_EXERCISE DESCRIPTION_: The printed result should hold only the lines from the opening of the data through the line bearing "Views! Views! and", exactly as given and without pictures.

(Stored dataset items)
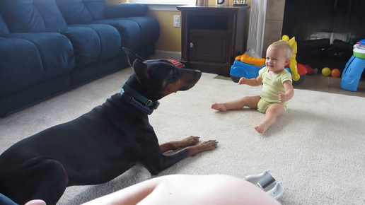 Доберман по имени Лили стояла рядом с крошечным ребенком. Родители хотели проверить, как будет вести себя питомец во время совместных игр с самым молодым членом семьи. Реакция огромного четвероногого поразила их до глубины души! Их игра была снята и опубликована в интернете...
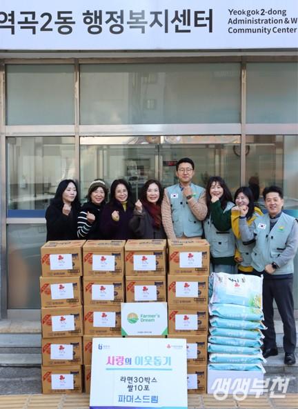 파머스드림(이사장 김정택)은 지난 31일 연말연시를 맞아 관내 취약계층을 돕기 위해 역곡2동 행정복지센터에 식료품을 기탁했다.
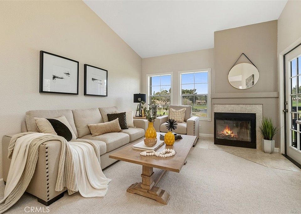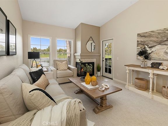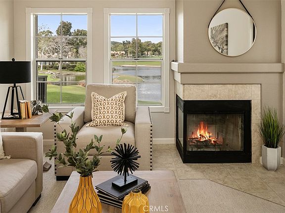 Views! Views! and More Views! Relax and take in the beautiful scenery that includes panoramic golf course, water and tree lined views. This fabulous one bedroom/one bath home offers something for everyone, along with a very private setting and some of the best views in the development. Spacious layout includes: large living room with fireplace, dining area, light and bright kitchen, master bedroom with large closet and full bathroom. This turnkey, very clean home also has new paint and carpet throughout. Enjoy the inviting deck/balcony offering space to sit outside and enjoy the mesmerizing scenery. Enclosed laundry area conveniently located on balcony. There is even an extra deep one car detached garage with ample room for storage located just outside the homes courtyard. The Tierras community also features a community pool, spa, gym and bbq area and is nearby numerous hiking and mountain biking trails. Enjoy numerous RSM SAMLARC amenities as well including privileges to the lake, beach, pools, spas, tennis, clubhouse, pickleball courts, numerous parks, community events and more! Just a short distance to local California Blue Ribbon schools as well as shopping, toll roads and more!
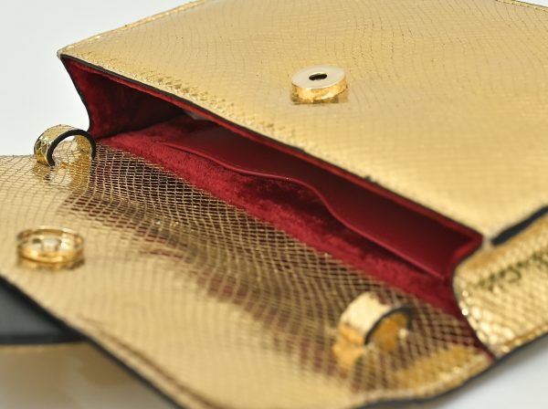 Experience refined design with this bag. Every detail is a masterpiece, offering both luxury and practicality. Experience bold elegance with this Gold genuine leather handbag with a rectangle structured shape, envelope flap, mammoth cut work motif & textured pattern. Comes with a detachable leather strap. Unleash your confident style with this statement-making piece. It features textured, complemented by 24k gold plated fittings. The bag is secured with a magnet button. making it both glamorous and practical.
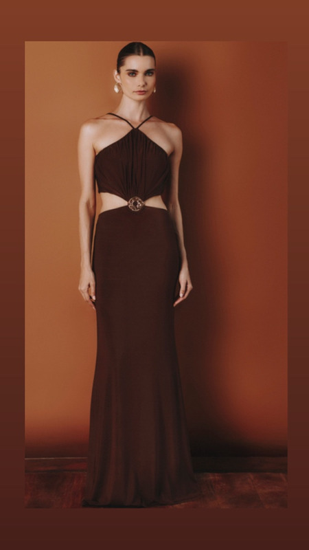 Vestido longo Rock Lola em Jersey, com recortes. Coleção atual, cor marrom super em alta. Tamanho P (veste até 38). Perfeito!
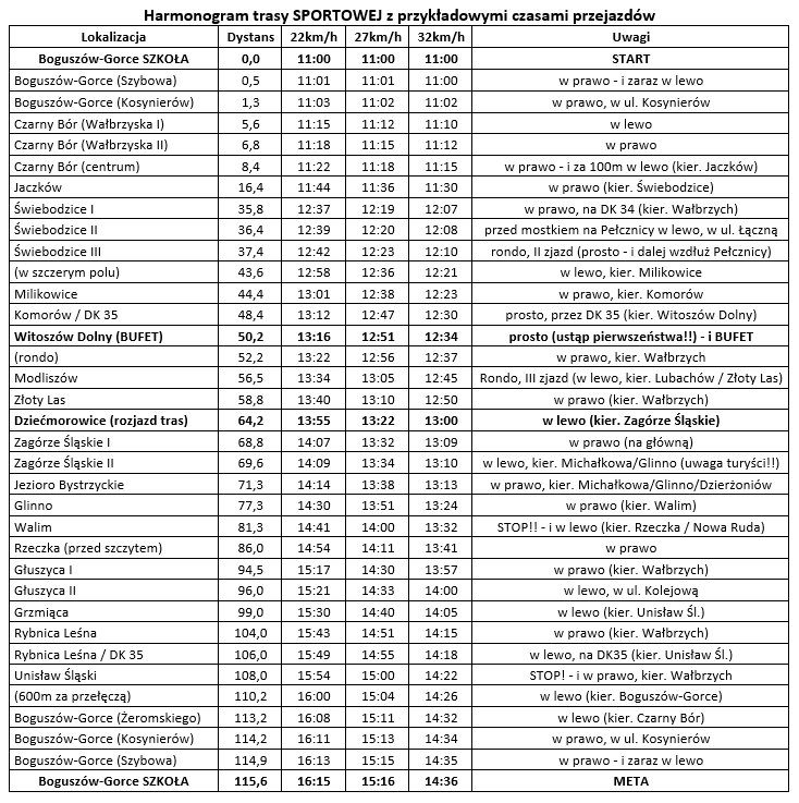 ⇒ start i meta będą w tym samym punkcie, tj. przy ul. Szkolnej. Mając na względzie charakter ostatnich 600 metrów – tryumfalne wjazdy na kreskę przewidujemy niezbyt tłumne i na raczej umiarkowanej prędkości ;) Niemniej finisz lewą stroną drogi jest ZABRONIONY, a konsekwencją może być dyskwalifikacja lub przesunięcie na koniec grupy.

_TASK SOLUTION_:
 Доберман по имени Лили стояла рядом с крошечным ребенком. Родители хотели проверить, как будет вести себя питомец во время совместных игр с самым молодым членом семьи. Реакция огромного четвероногого поразила их до глубины души! Их игра была снята и опубликована в интернете...
 파머스드림(이사장 김정택)은 지난 31일 연말연시를 맞아 관내 취약계층을 돕기 위해 역곡2동 행정복지센터에 식료품을 기탁했다.
 Views! Views! and More Views! Relax and take in the beautiful scenery that includes panoramic golf course, water and tree lined views. This fabulous one bedroom/one bath home offers something for everyone, along with a very private setting and some of the best views in the development. Spacious layout includes: large living room with fireplace, dining area, light and bright kitchen, master bedroom with large closet and full bathroom. This turnkey, very clean home also has new paint and carpet throughout. Enjoy the inviting deck/balcony offering space to sit outside and enjoy the mesmerizing scenery. Enclosed laundry area conveniently located on balcony. There is even an extra deep one car detached garage with ample room for storage located just outside the homes courtyard. The Tierras community also features a community pool, spa, gym and bbq area and is nearby numerous hiking and mountain biking trails. Enjoy numerous RSM SAMLARC amenities as well including privileges to the lake, beach, pools, spas, tennis, clubhouse, pickleball courts, numerous parks, community events and more! Just a short distance to local California Blue Ribbon schools as well as shopping, toll roads and more!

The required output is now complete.